Étant donc en possession de pareils biens, veillons sur nous, bien-aimés frères. Et lorsque nous serons sur le point de prononcer une parole inconvenante ou que nous nous sentirons emportés soit par la colère, soit par tout autre vice semblable, considérons de quels biens nous avons été faits dignes, et que cette réflexion réprime nos mouvements déraisonnables. Aussi souvent donc que nous participons à ce corps, aussi souvent que nous goûtons ce sang, rappelons-nous que celui qui pénètre en nous est le même que les Anges adorent, assis au plus haut des cieux, à la droite invincible du Père. Malheur à moi ! Que de voies pour aller au salut ! Il nous a faits son corps, il nous a communiqué son corps ; et rien de tout cela ne nous détourne du mal.
Homélie de saint Augustin, Évêque.Leçons 7 à 9 des Matines
Lecture du saint Évangile selon saint Jean.
(Jn 6:56-59)
En ce temps-là : Jésus, dit aux Juifs : Ma chair est vraiment une nourriture, et mon sang est vraiment un breuvage. Et le reste.
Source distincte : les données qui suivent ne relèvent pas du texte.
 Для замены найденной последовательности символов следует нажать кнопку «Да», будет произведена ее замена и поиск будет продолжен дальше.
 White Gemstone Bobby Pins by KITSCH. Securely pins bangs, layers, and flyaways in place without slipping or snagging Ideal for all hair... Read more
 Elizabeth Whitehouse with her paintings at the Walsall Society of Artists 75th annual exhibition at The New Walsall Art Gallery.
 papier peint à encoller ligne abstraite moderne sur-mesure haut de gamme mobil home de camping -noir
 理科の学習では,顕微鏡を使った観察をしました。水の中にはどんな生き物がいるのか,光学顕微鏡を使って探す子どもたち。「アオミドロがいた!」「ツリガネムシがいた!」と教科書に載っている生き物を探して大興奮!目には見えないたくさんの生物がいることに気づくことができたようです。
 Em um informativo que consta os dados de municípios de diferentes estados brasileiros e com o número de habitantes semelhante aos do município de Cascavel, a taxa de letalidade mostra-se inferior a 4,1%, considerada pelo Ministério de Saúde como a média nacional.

Homélie de saint Augustin, Évêque.
(Traité 27 sur S. Jean, avant le milieu)
Nous l’avons dit, mes frères, ce que le Seigneur nous recommande lorsque nous mangeons sa chair et buvons son sang, c’est que nous demeurions en lui et qu’il demeure en nous, Or, nous demeurons en lui lorsque nous sommes ses membres ; il demeure en nous, lorsque nous sommes son temple. Mais pour que nous soyons ses membres, il faut que l’unité nous joigne à lui ; et cette union étroite, qui la fait, sinon la charité ? Et d’où vient la charité de Dieu ? Interroge l’Apôtre : « La charité de Dieu, répond-il, a été répandue en nos cœurs par l’Esprit Saint qui nous a été donné. »
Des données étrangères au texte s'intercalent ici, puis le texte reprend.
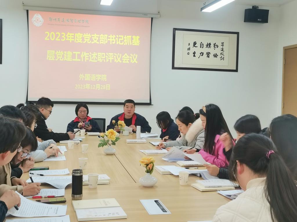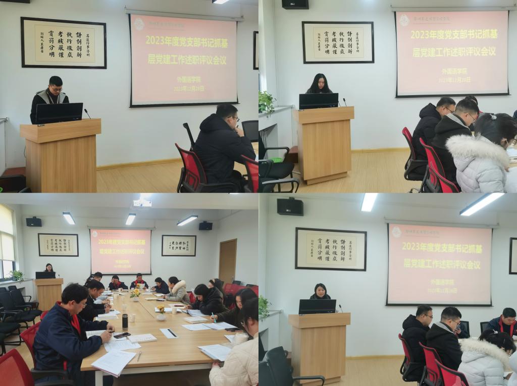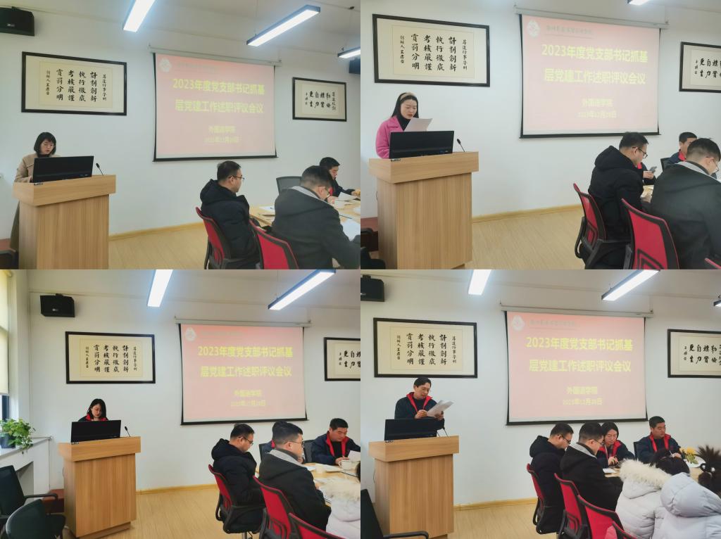 会上,英语教研室党支部、商务英语教研室党支部、翻译、日语教研室党支部、专升本和专科联合员工党支部、英语本科员工第一党支部、英语本科员工第二党支部、商英本科员工党支部、日语本科员工党支部、翻译本科员工党支部的党支部书记依次分别宣读了党支部书记抓基层党建的述职报告,全面总结了作为党支部书记,在过去一年中就组织建设、思想建设、作风建设等方面的工作成果、经验和问题。
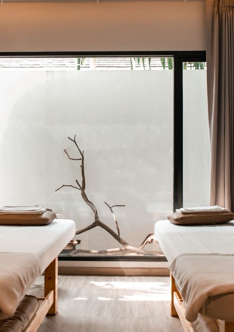 Premium wellness sanctuary offering therapeutic treatments in a minimal tropical setting. Features personalized therapies combining traditional techniques with modern approaches, including office syndrome rehabilitation and natural product treatments.
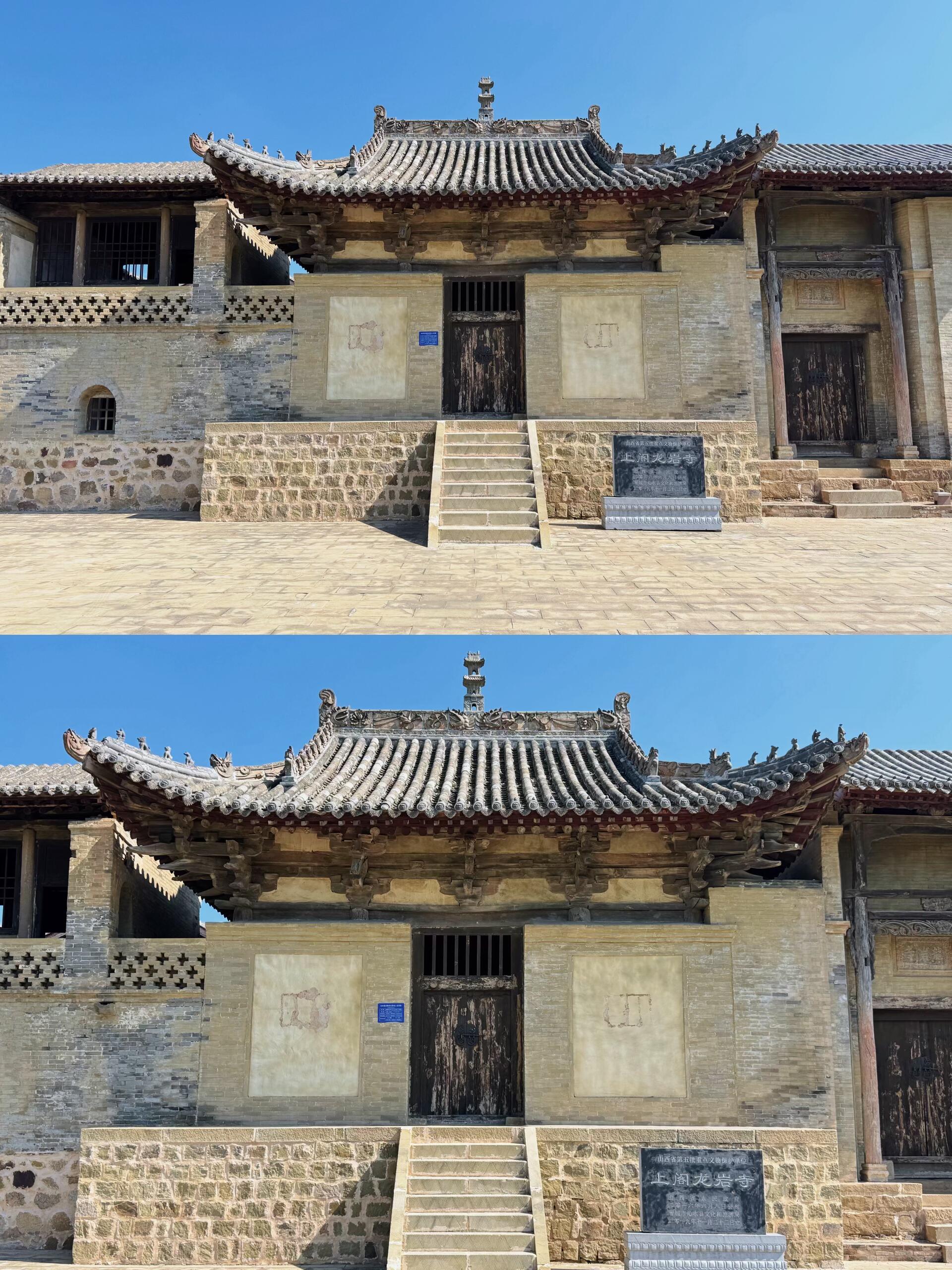 顺着沁水西部的盘山公路往深处走,柏油路在山间盘旋成细线,直到被一片依山而建的灰瓦屋顶截断——这里便是上阁村,古名姚家寨,舜帝后裔姚氏族人世代栖居的地方。村西高岗上立着的那座寺院格外打眼,红墙在苍翠山影里若隐若现,檐角挑着流云,像位沉默的老者俯瞰着松峪河与东沟河绕村而过,春种时看田垄染绿,秋收时望谷场堆金,这便是藏着宋元密码的龙岩寺。很难想象,这样一座攥着千年木构精髓的寺院,至今还只是省级文物保护单位,在山西遍地的国保古建中,像颗蒙尘的珍珠,等着懂行的人弯腰拾起。
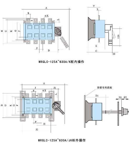 | A | B | C | D | D1 | E | G | J | J1 | J2 | K | P | R | S | T | U | ΦX | Y | L | F | |

« C’est donc l’esprit qui vivifie », car c’est l’esprit qui communique la vie aux membres ; mais il ne peut les rendre vivants qu’à la condition de les trouver unis au corps dont il est la vie. En effet, ô homme, l’esprit qui est en toi et qui fait que tu es un homme, peut-il donner la vie à un membre séparé de ton corps ? Ce que j’entends par ton esprit, c’est ton âme : or, ton âme ne vivifie que les membres unis à ton corps ; si tu en retranches un, il n’est plus vivifié par ton âme, parce qu’il a cessé de faire partie de l’unité de ton corps.
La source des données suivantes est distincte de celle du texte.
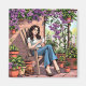 Beautiful relaxing magnet depicting a nice summer day. A pretty ai illustration of a woman sitting outside on her patio relaxing, with a cup of warm coffee and her dog sleeping at her feet. She is surrounded by lovely potted and hanging plants a pretty purple Clematis.
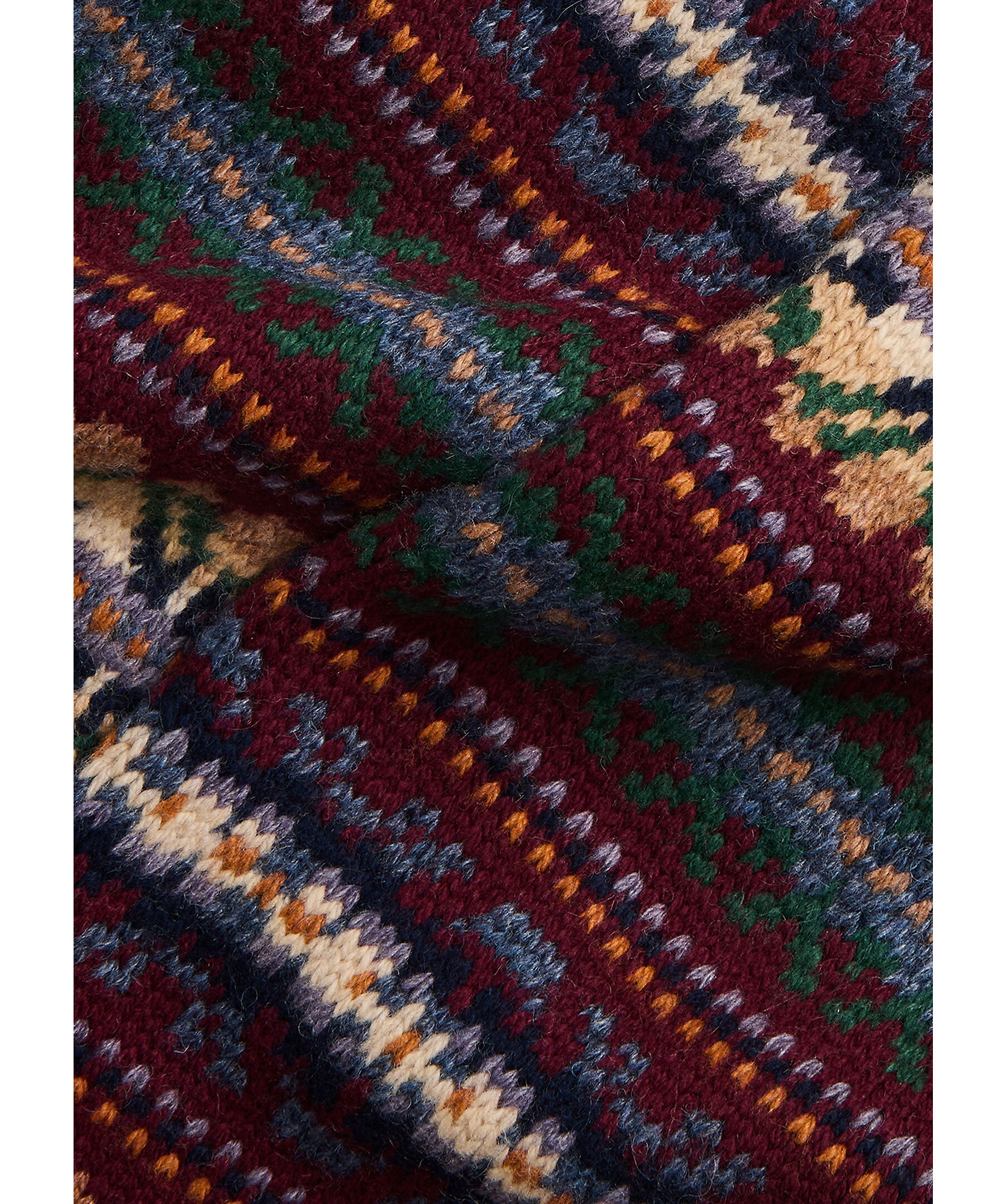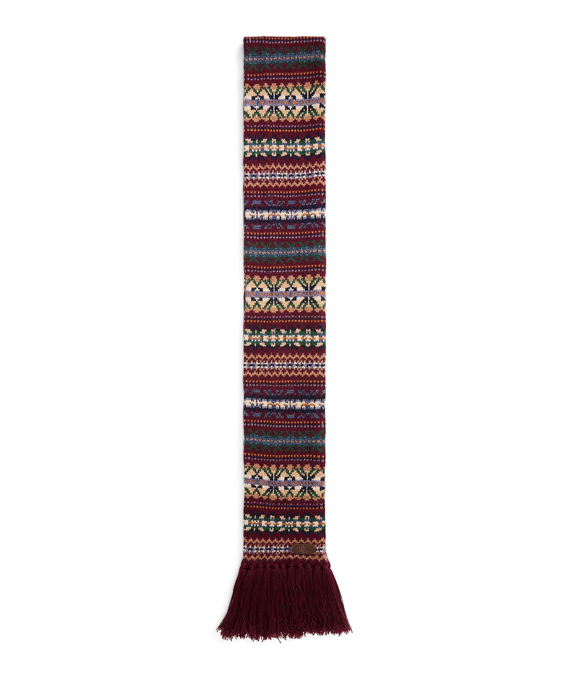 Vinröd, mönstrad halsduk från Lauren Ralph Lauren med fransar i kanterna samt liten logotyp i nederkant. Tillverkad i en ullblandning.

Je vous parle ainsi, pour vous faire aimer l’unité et craindre la division. Un Chrétien ne doit rien tant redouter que d’être séparé du corps du Christ ; s’il se sépare du corps de Jésus-Christ, il n’est plus du nombre de ses membres ; et s’il ne fait plus partie de ses membres, il n’est plus vivifié par son Esprit. « Or, dit l’Apôtre, celui qui n’a point l’Esprit du Christ, celui-là n’est point à lui. » « C’est donc l’esprit qui vivifie ; la chair ne sert de rien : or les paroles que je vous ai dites sont esprit et vie. » Elles sont esprit et vie, que signifie cela ? Qu’il faut les entendre dans un sens spirituel. Les as-tu entendues spirituellement ? « Elles sont esprit et vie » ; les as-tu comprises d’une manière charnelle : elles sont encore « esprit et vie », mais elles ne le sont pas pour toi.